# HackerRank Sherlock and the Valid String Solution

Hello Programmers, In this post, you will learn how to solve HackerRank Sherlock and the Valid String Solution. This problem is a part of the HackerRank Algorithms Series.

One more thing to add, don’t straight away look for the solutions, first try to solve the problems by yourself. If you find any difficulty after trying several times, then look for the solutions. We are going to solve the HackerRank Algorithms problems using C, CPP, JAVA, PYTHON, JavaScript & SCALA Programming Languages.

## HackerRank Sherlock and the Valid String Solution

Sherlock considers a string to be valid if all characters of the string appear the same number of times. It is also valid if he can remove just 1 character at 1 index in the string, and the remaining characters will occur the same number of times.
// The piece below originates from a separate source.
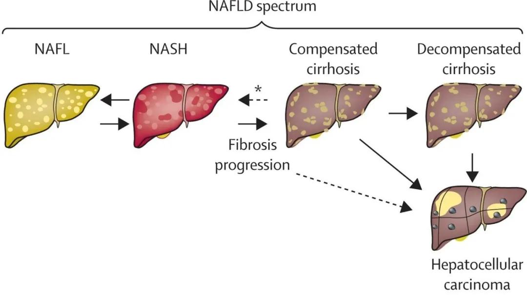 ▲NAFLD的疾病谱:NAFL – NASH - 代偿期肝硬化 - 失代偿期肝硬化。NASH和肝硬化可进展为肝细胞癌。*纤维化消退。(图片来源:参考资料[1])

Given a string s, determine if it is valid. If so, return `YES`, otherwise return `NO`.

Example

s = abc

This is a valid string because frequencies are {a : 1, b : 1, c : 1}.

s = abcc

This is a valid string because we can remove one c and have 1 of each character in the remaining string.

s = abccc

This string is not valid as we can only remove 1 occurrence of c. That leaves character frequencies of {a : 1, b : 1, c : 2}.

Function Description

Complete the isValid function in the editor below.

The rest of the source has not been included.